In the process of group decision-making under a linguistic environment, each expert generally needs to compare a set of alternatives and/or criteria and usually constructs a linguistic preference relation using some linguistic terms [1]. Since the work of Labov [2] and Lakoff [3] questioned the assumption that meanings are precise, it has been accepted that they have a certain degree of vagueness, such that the boundary of the application of a linguistic term is a region where it gradually moves from being applicable to non-applicable. Developments in fuzzy set theory offer a formal treatment of the vagueness of natural language concepts, and its usefulness has been tested in many applications.

There are two classical ways to address this issue with a fuzzy linguistic approach [4]:

• The use of symbolic models, which implies that a membership function is not necessarily numerical but that a qualitative label is sufficient to get an ordered set; the order structure is used to implement symbolic calculations;
• The use of membership functions-based models, which implies operating directly with them through the Extension Principle and interval arithmetic. Usually, they use context-free grammar to generate the linguistic labels required to define the linguistic variables.

For the first, semantics depends only on order, which entails a loss of information when, after computing processes, results should be linguistically interpreted. To avoid this drawback, a two-tuple linguistic model [5] was developed, and during the last two decades, it has been widely improved and used. Nevertheless, they are still considered inflexible models [6] that cannot handle language complementarity, and several research lines are being developed to enhance the adaptation to this circumstance, for example, to make suitable the use of their computation procedures with the use of context-free grammars [7] or to consider that different people have different semantics understandings, taking into account the psychophysical state of the human being [8,9]. Even new models which combine probability theory and fuzzy set theory have been designed [10].

For the second, membership grades are supposed to be numerical, and the main drawback stems from the fact that the use of interval arithmetic increases the vagueness of the outcomes, making them hard to interpret. To improve the performance of these models, Lodwick and Jenkins introduced the concept of constrained arithmetic [11], which has been profusely covered in the literature [12,13], and some important related issues, such as additive consistency definition, have been analyzed and adapted [14] to avoid the unintended excessive increase of vagueness.

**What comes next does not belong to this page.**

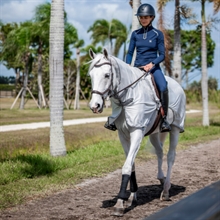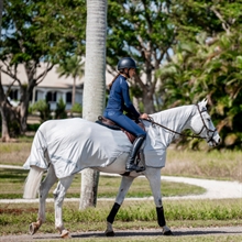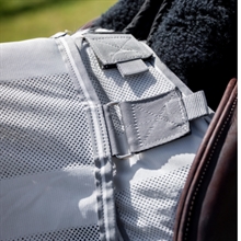 Deze lichte vliegendeken om mee te rijden is ontworpen om rondom het zadel te liggen zonder de beenhulpen van de ruiter te beïnvloeden. De deken beschermt het paard van rug tot staart met een ademend materiaal met UV-bescherming, dat helpt om vliegen en andere insecten op afstand te houden.

Following the latter line of work, our contribution focuses on the semantics of membership functions, whose incorrect definition is also a source of undue increase in the vagueness of processing results in computing with words procedures. Moreover, it shows a way to obtain different meanings for the same linguistic term in different contexts, which is what language complementarity means.

When membership functions-based models are used, there should be some operational definition of these numbers. For this task, Zadeh [15] suggested two ways to define a membership function: by enumerating and assigning membership values in a finite domain or by being a continuous and differentiable function of a numerical value representing a measurable property (the variable of the function). However, the real problem remains even when the conditions described above are satisfied: where do the assigned values or the function parameters come from? If fuzziness is not well-interpreted, the assigned values mentioned above seem to be arbitrary and artificial. In such a case, in what sense are the system’s results, which are determined by these initial assignments, better than random choices? We assume that the application of the linguistic approach to the development of decision-making models should consider the inherent semantics of every linguistic term as the keystone of system formalization.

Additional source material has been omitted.